Users can optionally hide refs from remote users in git-upload-pack(1),
git-receive-pack(1) and others via the `transfer.hideRefs`, but there is
not an easy way to obtain the list of all visible or hidden refs right
now. We'll require just that though for a performance improvement in our
connectivity check.

Add a new option `--exclude-hidden=` that excludes any hidden refs from
the next pseudo-ref like `--all` or `--branches`.

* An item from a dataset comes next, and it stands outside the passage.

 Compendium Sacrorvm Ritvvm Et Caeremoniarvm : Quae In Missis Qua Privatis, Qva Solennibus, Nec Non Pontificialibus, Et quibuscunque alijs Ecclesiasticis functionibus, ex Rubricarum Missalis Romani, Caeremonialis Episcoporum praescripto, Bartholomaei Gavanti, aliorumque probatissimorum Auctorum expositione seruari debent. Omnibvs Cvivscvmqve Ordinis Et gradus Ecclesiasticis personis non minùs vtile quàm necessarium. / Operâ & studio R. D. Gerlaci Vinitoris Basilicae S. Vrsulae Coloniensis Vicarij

Signed-off-by: Patrick Steinhardt <ps@pks.im>
---
 Documentation/rev-list-options.txt |   7 ++
 builtin/rev-list.c                 |   1 +
 revision.c                         |  41 ++++++++-
 revision.h                         |   9 ++
 t/t6021-rev-list-exclude-hidden.sh | 137 +++++++++++++++++++++++++++++
 5 files changed, 194 insertions(+), 1 deletion(-)
 create mode 100755 t/t6021-rev-list-exclude-hidden.sh

diff --git a/Documentation/rev-list-options.txt b/Documentation/rev-list-options.txt
index 1837509566..5b46781b35 100644
--- a/Documentation/rev-list-options.txt
+++ b/Documentation/rev-list-options.txt
@@ -195,6 +195,13 @@ respectively, and they must begin with `refs/` when applied to `--glob`
 or `--all`. If a trailing '/{asterisk}' is intended, it must be given
 explicitly.
 
+--exclude-hidden=[receive|uploadpack]::
+	Do not include refs that have been hidden via either one of
+	`receive.hideRefs` or `uploadpack.hideRefs` (see linkgit:git-config[1])

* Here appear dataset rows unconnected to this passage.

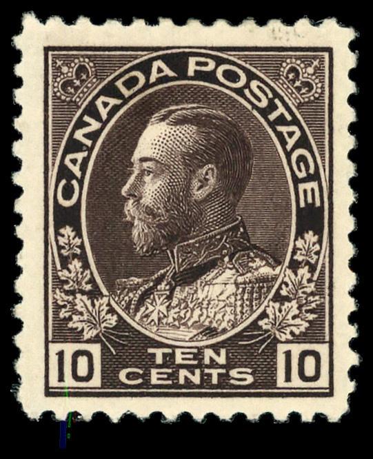 1912, King George V "Admiral", 10¢ plum (Scott 116), o.g., hinge remnant, Fine to Very Fine. Scott $275. (Image)
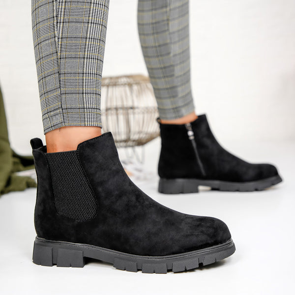 Дамски боти Taylor - Black са елегантен модел, изработен от еко велур и лачена еко кожа с лека подплата и дебелина на тока - 3 см.
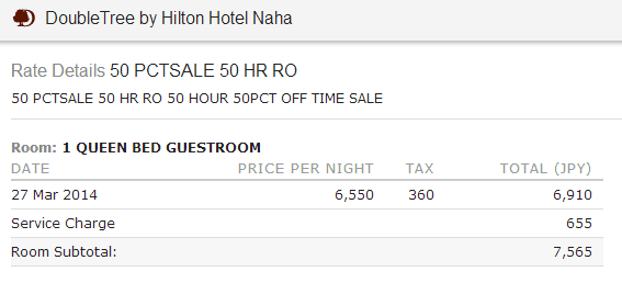 我們以3月27日入住,3月28日退房,沖繩 DoubleTree by Hilton Hotel Naha 每晚連稅7,565円
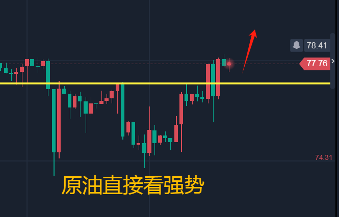 原油昨天整体走势过山车,先是冲高上破77随后走探底回升,力度还是很大,我们给出的第一波多单77被止损;随后探底反弹起来给出76.6和76.1的多单盈利77.5!整体上在上破77后看涨思路是对的,只不过行情来了一波扫盘。日内继续看涨,H4方面开始出现单边强势格局,所以现价77.6直接看涨,给77.1加仓,防守76.6,看78.5-79.

+	that the next `--all`, `--branches`, `--tags`, `--remotes` or `--glob`
+	would otherwise consider. This option is cleared when seeing one of
+	these pseudo-refs.
+
 --reflog::
 	Pretend as if all objects mentioned by reflogs are listed on the
 	command line as `<commit>`.
diff --git a/builtin/rev-list.c b/builtin/rev-list.c
index 3acd93f71e..d42db0b0cc 100644
--- a/builtin/rev-list.c
+++ b/builtin/rev-list.c
@@ -38,6 +38,7 @@ static const char rev_list_usage[] =
 "    --tags\n"
 "    --remotes\n"
 "    --stdin\n"
+"    --exclude-hidden=[receive|uploadpack]\n"
 "    --quiet\n"
 "  ordering output:\n"
 "    --topo-order\n"
diff --git a/revision.c b/revision.c
index fe3ec98f46..b726cfd255 100644
--- a/revision.c
+++ b/revision.c
@@ -1,4 +1,5 @@
 #include "cache.h"
+#include "config.h"
 #include "object-store.h"
 #include "tag.h"
 #include "blob.h"
@@ -1519,11 +1520,17 @@ static void add_rev_cmdline_list(struct rev_info *revs,
 
 int ref_excluded(const struct ref_exclusions *exclusions, const char *path)
 {
+	const char *stripped_path = strip_namespace(path);
 	struct string_list_item *item;
+
 	for_each_string_list_item(item, &exclusions->excluded_refs) {
 		if (!wildmatch(item->string, path, 0))
 			return 1;
 	}
+
+	if (ref_is_hidden(stripped_path, path, &exclusions->hidden_refs))
+		return 1;
+
 	return 0;
 }
 
@@ -1536,6 +1543,7 @@ void init_ref_exclusions(struct ref_exclusions *exclusions)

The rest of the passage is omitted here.